Letter: U.N. panel reports climate change is worsening
A week ago, the U.N. Intergovernmental Panel on Climate Change published its Synthesis Report, a review of 30,000 climate-change studies as part of the panel’s Fifth Assessment Report.
There are few surprises, but the language employed is the clearest and sternest of the panel’s reports. According to the report, it is an “unequivocal” fact that the Earth is warming. Failure to reduce emissions could mean “severe, widespread and irreversible impacts” for people and our planet.

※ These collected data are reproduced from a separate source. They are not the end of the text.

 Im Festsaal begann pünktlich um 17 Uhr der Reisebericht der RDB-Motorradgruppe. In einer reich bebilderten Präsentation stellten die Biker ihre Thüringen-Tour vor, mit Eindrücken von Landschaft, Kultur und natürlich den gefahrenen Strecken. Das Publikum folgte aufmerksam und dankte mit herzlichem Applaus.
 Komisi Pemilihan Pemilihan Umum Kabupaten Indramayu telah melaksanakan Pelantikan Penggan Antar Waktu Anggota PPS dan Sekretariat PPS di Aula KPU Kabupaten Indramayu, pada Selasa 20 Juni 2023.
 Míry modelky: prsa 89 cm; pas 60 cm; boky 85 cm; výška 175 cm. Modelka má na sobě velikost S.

Report authors are stentorian in their admonishments. The first observation in the report states, “Human influence on the climate system is clear, and recent anthropogenic emissions of greenhouse gases are the highest in history.” If continued unabated, we can expect “substantial species extinction, global and regional food insecurity, consequential constraints on common human activities and limited potential for adaptation.”
Desperate times call for desperate measures. The U.N. climate panel indicates that in order to avoid irreversible impacts, we need to maintain warming below 2 degrees Celsius. To do so, global anthropogenic greenhouse-gas emissions must be reduced 40 to 70 percent by 2050 (compared with 2010), and emissions levels must approach zero — or below — by 2100. Bottom line: We need to reduce greenhouse gases — by a lot, and fast.

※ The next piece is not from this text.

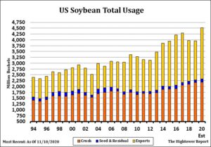 Soybean futures continue to trade lower. Talk of Brazil rains next week triggered fund long liquidation. Some feel this forecast Brazil rains are normal but delayed. This rains could help crops in central Brazil. Key will be if it also rains in north and south Brazil plus Argentina. Some feel below 11.50 SF, there is value for end users. Much of the new selling was technical related as nearby soybean traded below the 20 day moving average support line. Doubt if USDA makes very many changes in the December US/World balance sheets. January numbers will be more important to trade and price discovery. There is talk that China may have bought US soybeans for January. Weekly US soybean export sales are estimated near 400-1,150 mt versus 768 last week. US is the only exporter until Brazil 2021 harvest. USDA est US soybean exports near 59.8 mmt versus 45.6 last year. World soybean exports are estimated near 167.8 versus 164.5 last year. USDA estimates China imports near 100 mmt versus 98.5 last year.

Here in the Roaring Fork Valley, we are particularly vulnerable to a changing climate. Our valley’s economy is centered upon the tourism industry, propelled by our world-renowned ski slopes and outdoor activities. Our economy could be devastated by the predictions of reduced snowfall, increased drought and more frequent wildfires.

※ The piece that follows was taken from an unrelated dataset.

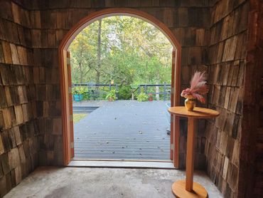 A converted former Girl Scout Hall now has the dazzle of Crystal bling, the rustic nature of antique timbers, and plenty of natural light with massive windows and window garage doors to let the outside in. We are still upgrading the building and space around it to enhance the experience!
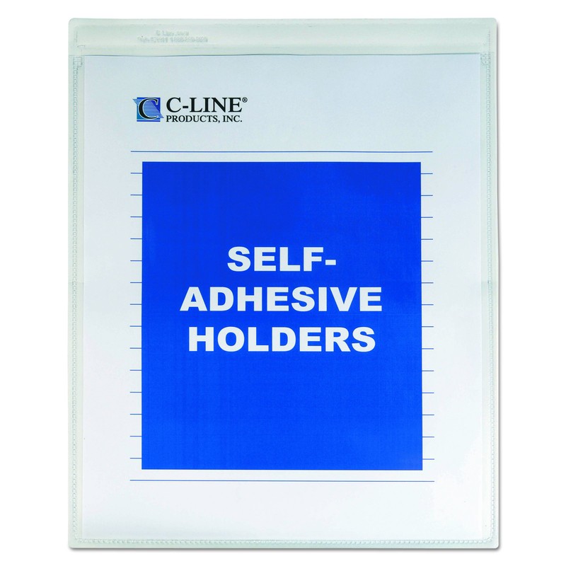 Sticky-backed holders keep your materials at hand. Self-adhesive, poly design allows them to stick wherever they are needed. Clear, heavy, top-loading holders with nonrip seams attach to any dry, clean, flat surface. They are ideal for convenient storage of instructions or service records on office equipment. Clear front allows easy viewing of contents.

The report is frightening, and for some, this information can even be paralyzing. The good news is we have the solutions at our fingertips, and in this valley they are readily available.
Every day, the Community Office for Resource Efficiency helps valley residents reduce their energy consumption, thereby reducing greenhouse-gas emissions. Through Energy Smart Colorado, the Community Office for Resource Efficiency helps incentivize energy-efficiency improvements in the built environment, which currently comprises 40 percent of the United States’ total emissions. Energy Smart Colorado provides rebates for insulation, LED lights, efficient boilers, windows and more. The solar rebates are $3,000, and the city of Aspen Utilities Department and Holy Cross Energy have generous rebates that often match and even exceed the resource efficiency office’s incentives.
We are all a part of the problem. However, we also have the ability and arguably the unique responsibility to be part of the solution.
Don’t give up hope. Take action to reduce your impact by starting at home. As a byproduct, you will save money and likely improve the comfort of your home. The Community Office for Resource Efficiency and your utility providers are here to help you become more energy-efficient. Together, we can fight climate change. And for the sake of our valley, the economy, our planet and our future, we must.